Mr. Speaker, I am following up tonight, seeking further information about the government's failure to respond in a serious way to the strategic and security challenge presented to our interests and values by the Government of China.
What we are seeing right now from the government, in terms of its China policy, is a significant shift in rhetoric, but barely a blip of change in substance. When the Liberals became the government, they trumpeted a new golden age with China. They also criticized the previous Conservative government for blowing hot and cold with China. The implication was, I suppose, that there was something wrong with a policy that was a mixture of warmth and pressure. Instead, they wanted to pursue a policy that was all hot and no cold. That was where they started: all hot and no cold.

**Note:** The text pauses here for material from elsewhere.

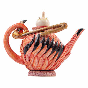 This unique Flamingo Teapot is a one-of-a-kind creation from Senzo Duma Ceramics, meticulously hand-sculpted by Phomotso Mafura and vividly hand-painted by Senzo Duma in South Africa. This whimsical decorative piece artfully embodies a flamingo, with its body forming the teapot. The surface is richly detailed with sculpted feathers in vibrant shades of pink and white, accented by striking black plumes. The teapot's handle gracefully curves to form the flamingo's elegant neck, while its long, distinctive beak serves as the spout. Crowning the lid is an adorable sculpted flamingo chick, newly hatched from its egg. Standing approximately 12 inches high, 14 inches long, and 8 inches wide, this teapot is a testament to exceptional artistry.

Today the Liberals say that our relationship with China is complex and multi-dimensional, involving areas of co-operation and areas of conflict. This seems to me to be another way of saying that now they have decided that blowing hot and cold is not such a bad idea after all. Aside from the change in rhetoric, we have not seen any change in policy. The National Post has reported that a new China policy was brought to cabinet and rejected, so now we have a new slogan, but no new policy.
The government trumpets its suspension of the extradition treaty with Hong Kong. This is, though, the lowest of the low-hanging fruit and nobody was on the verge of being, or likely to be, extradited to Hong Kong anyway. Let us not forget that this is the same government that announced exploratory discussions with China about an extradition agreement with the mainland a few short years ago.
Liberals are sending their thoughts and prayers to Uighur Muslims in concentration camps. They say they are deeply disturbed and they are doing absolutely nothing. Their so-called immigration program for people from Hong Kong does not apply to the vast majority of democracy advocates, since most face charges that are not directly related to the national security law.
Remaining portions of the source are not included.